The usual bite-sized version of the Turing Test (TT) for public consumption is this … Put a human in one room, in communication with both another human and a computer in a different room. In modern terms, the communication would take the form of something like a text message conversation with each. If the first human couldn’t say which of the second human or the computer was which (or got it wrong), then that would make the computer intelligent. Last week, there was widespread coverage in the press that a computer – well a computer program – had passed the test.
Well, it’s hard to know where to begin with what’s wrong with this … A possible starting point would be some questions. Many, many questions. How would the test be set up? Who are the humans? How clever (intelligent?) are they? How long have they got? (How long does the test last?) How many times is the test performed? Does it need to be repeated with different people? How consistent do the results have to be? It’s very interesting to note, at this point, that most of these uncertainties relate to the people involved in the TT. The role of the machine to be tested appears to be unambiguous … until we start trying to relate it to humans.
And, in the first instance, that may be central to the problem. We’re trying to measure what we think is a human attribute in a computer. And we’d like to measure it with some predictability or determinism. But we’re doing it by comparison to people … who generally don’t exhibit either quality. Inconsistency is almost an essential human quality, which we’re hoping to assess consistently in a machine by comparing it to an inconsistent person. Whether or not that’s a single loose end or several, doesn’t really matter; it’s very loose.
To go forward from this point, we have to go back a bit and ensure we’re being fair to Alan Turing himself. It does rather seem that many people who reference Turing’s original paper, haven’t actually read it. Its contents have almost evolved into a form of modern urban myth; it certainly doesn’t say what most people think it does.
Turing’s original concept was an entirely general one. He was interested in the concept of machine intelligence, and not really the detail. Although he did describe, in general terms, the principle of what we now think of as the TT – his so-called ‘Imitation Game’ – he never actually laid down any precise parameters. However, he did mention, at one point, his thoughts that:
I believe that in about fifty years’ time it will be possible to programme computers, with a storage capacity of about 10^9, to make them play the imitation game so well that an average interrogator will not have more than 70 per cent chance of making the right identification after five minutes of questioning. The original question, ‘Can machines think?’ I believe to be too meaningless to deserve discussion. Nevertheless I believe that at the end of the century the use of words and general educated opinion will have altered so much that one will be able to speak of machines thinking without expecting to be contradicted. I believe further that no useful purpose is served by concealing these beliefs. The popular view that scientists proceed inexorably from well-established fact to well-established fact, never being influenced by any unproved conjecture, is quite mistaken. Provided it is made clear which are proved facts and which are conjectures. no harm can result. Conjectures are of great importance since they suggest useful lines of research.

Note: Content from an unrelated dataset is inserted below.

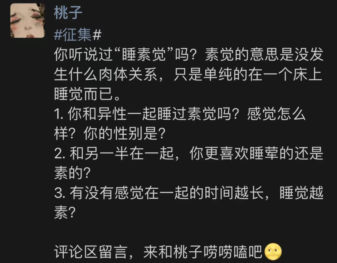看了这些,我想说,只是想找个人抱抱睡觉而已啊!为什么要搞那么多花里胡哨的!于是,桃子在朋友圈做了小范围的征集,发现现在睡过素觉的男女,还真的不少。@天生反派:我睡过的素觉不止十个了,都是些不来电的,或者是宿醉的异性,我是男的,我时刻提醒自己不做出格的事情。感觉大同小异,毕竟每个人身上的体香各不相同。
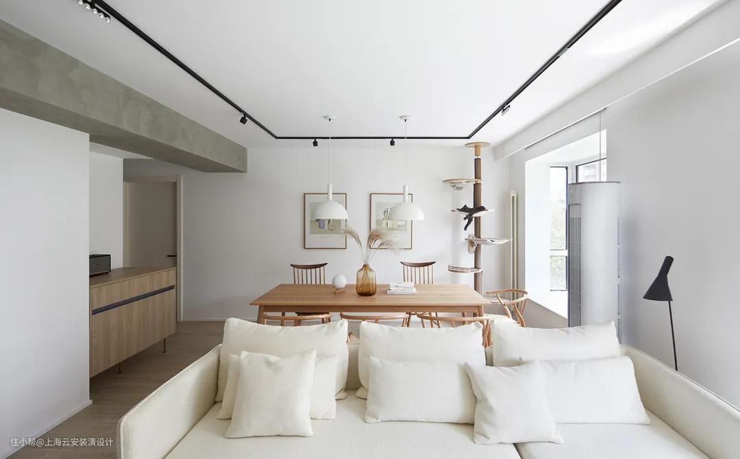 本身的横梁拉低了层高平均值, 所以全屋没有做吊顶、没有装主灯, 没有安中央空调,只装了新风系统。 客厅用明装磁吸灯做照明, 自由调节氛围感满满的光影效果。

Of course, this is essentially a philosophical discussion although, even in 1950, Turing’s insight was brilliant. Our own thinking and language relating to machine intelligence has indeed changed in exactly the way he predicted. We often describe a computer as ‘thinking’ when we’re waiting for a response. (In fact, it’s interesting to compare this concept to Robert Sawyer’s WWW Trilogy, in which ‘Webmind’ has to artificially delay it’s response in order to appear credible. This isn’t new either in last week’s stories.)
However, even if Turing wasn’t interested in detailed technical issues – at least not at this point, he knew he wasn’t going to get away without being asked them and sometimes he was prepared to offer suggestions; he even pre-empted some of them in the paper itself. And, over time, it’s these – effectively off-the-cuff – remarks that seem to have taken on a greater significance in the semi-technical media than the principles themselves.

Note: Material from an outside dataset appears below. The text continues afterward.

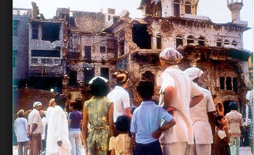 Now the soldiers escorting me were yelling "He is the head priest" but no one was listening to anyone. I was shot at once again near the Lachi Baer Gurdwara. This bullet missed and hit the floor near me. Near Lachi Baer Gurdwara, Sri Akal Takhat's courtyard was filled with dead bodies. Soldiers were everywhere. The Darshani Deodhi (anteroom) Janda Bunga (New anteroom) - everywhere soldiers were positioned with entrenched machine guns and LMGs. The historical Lachi Baer tree was badly brutalized. The nearby room for Palki Sahib was badly littered with scattered rumalas. With a deeply saddened heart and great difficulty, I reach thus far in my story.

The recent claim to have passed the TT is based on one such aside – well the comments above to be be precise. The argument was that, if a program could fool 100%-70% = 30% of ‘interrogators’ for five minutes, it would have passed the TT. This is utter, utter nonsense. Turing was making a long-term prediction, not defining the parameters of the test. Someone may as well have said, in 1900, “One day, I think a car will be able to travel at 100mph; then, and only then, will we call it a car.” Sure enough, cars eventually reached those speeds but that’s not the definition of a car. Turing’s 70% could have been 50% or 90%; five minutes could have been three or ten. What’s an ‘average interrogator’? Numbers don’t define intelligence and this isn’t what Turing was trying to do.
So, what would a proper TT look like and how do we measure (or define) intelligence? Well, now it’s clear that we get into some very murky waters indeed. How you define intelligence will very much depend on whether you’re a neuroscientist, computer scientist or philosopher. And even within those disciplines, there will be factions of different opinions. It may even depend on fundamental beliefs – religious, spiritual and/or scientific. Once again, Turing’s offering of the Imitation Game was just an attempt to make some sense of these questions in the context of machine intelligence. In many ways, the TT only tests people, not machines.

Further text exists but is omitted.